Roberto OliveiraRoberto Oliveira, MBA ’10

Roberto Oliveira, MBA ’10, remembers visiting his grandfather's factory in São Paulo, Brazil, as a small boy. His grandfather, though not formally educated, started his own company making water pumps, and grew it to become the largest supplier of those pumps in Latin America.

That same entrepreneurial drive runs through Oliveira's veins as well. But it was not until a summer internship while at MIT Sloan that Oliveira was able to focus his desire to start companies. That internship helped Oliveira realize how fulfilling he found the work of starting a business.

Oliveira's summer internship was supported in part by a gift from Brad Feld, SM ’88, and Amy Batchelor to the MIT Sloan Entrepreneurship Center (E-Center). Edward Roberts, the David Sarnoff Professor of Management of Technology, founded the E-Center in 1990. Since then, the E-Center has been a hub for myriad entrepreneurial activities on the MIT campus, offering educational programs to inspire, train, and coach new generations of entrepreneurs. It also provides networking opportunities, technologies, and resources to entrepreneurs at MIT and globally. Donor support for the E-Center has a direct impact on entrepreneurship.
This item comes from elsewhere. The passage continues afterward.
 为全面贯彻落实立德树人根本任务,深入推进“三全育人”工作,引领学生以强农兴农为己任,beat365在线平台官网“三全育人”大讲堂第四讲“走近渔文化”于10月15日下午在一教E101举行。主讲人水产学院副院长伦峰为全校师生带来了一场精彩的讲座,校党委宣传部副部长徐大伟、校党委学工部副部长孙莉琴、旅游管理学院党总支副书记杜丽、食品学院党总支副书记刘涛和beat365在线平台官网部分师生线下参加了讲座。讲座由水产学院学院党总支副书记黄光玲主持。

“Having alumni support us with gifts, as well as their expertise and their networks, is extremely helpful,” says Senior Lecturer William Aulet, acting managing director of the E-Center. “They enable us to provide students with the skills, the experience, and the networks to be successful entrepreneurs. As a student, you're investing, and such gifts allow our students to take the long-term view of their investments, and build the skills of an entrepreneur.”
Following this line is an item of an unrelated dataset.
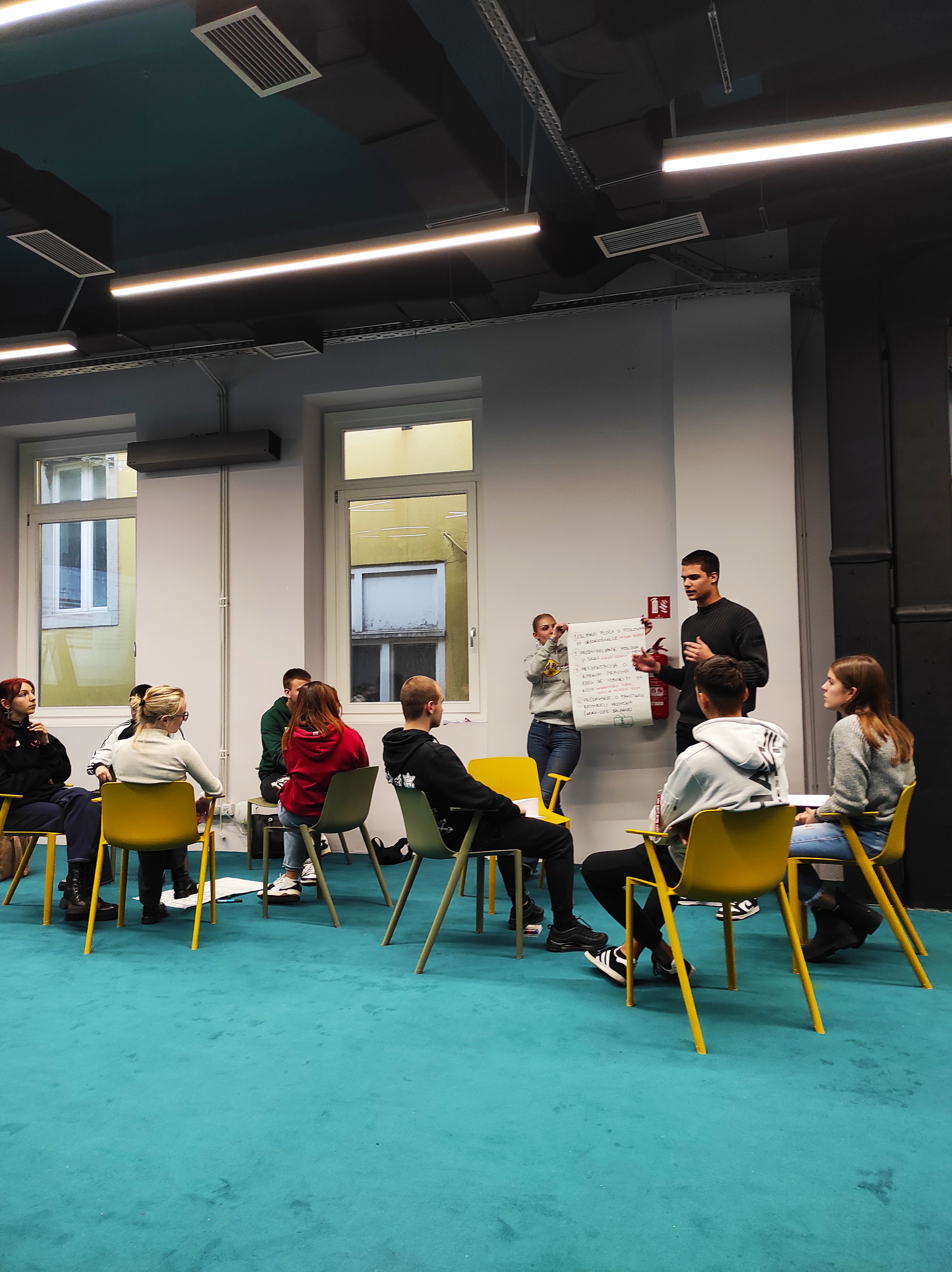 U četvrtak, 30. studenog 2023. godine, devetero učenika naše škole je zajedno sa srednjoškolcima iz Gimnazije Andrije Mohorovičića Rijeka, Drvodjeljske i strojarske škole Rijeka i Graditeljske škole za industriju i obrt sudjelovalo na zanimljivoj edukaciji u RiHubu u sklopu projekta "(Su)djelujem - vijeće učenika i učenica u demokratskoj školi". Tijekom edukacije učenici su imali priliku razgovarati sa savjetnicom za mlade Grada Rijeke, pri čemu je fokus razgovora bio na Programu za mlade Grada Rijeke za razdoblje od 2023. do 2030. godine. Uz to, upoznali su se sa Ciljevima za mlade EU te su osmišljavali aktivnosti za ostvarivanje navedenih ciljeva na razini škole i lokalne zajednice. Tijekom edukacije učenici su pokazali visoku razinu motiviranosti, angažiranosti i spremnosti na djelovanje.

The E-Center has created a powerful global network of entrepreneurs who advise and assist each other in the starting of new ventures. A recent report by Professor Roberts and Charles Eesley, PhD ’09, “Entrepreneurial Impact: The Role of MIT,” highlighted the dramatic effect of MIT's entrepreneurial activities. Based on a 2003 alumni survey, the report shows that MIT alumni have founded 25,800 companies that are currently active. Those companies employ about 3.3 million people and generate annual world sales of $2 trillion, making them the equivalent of the 11th-largest economy in the world. The report was published by the Ewing Marion Kauffman Foundation.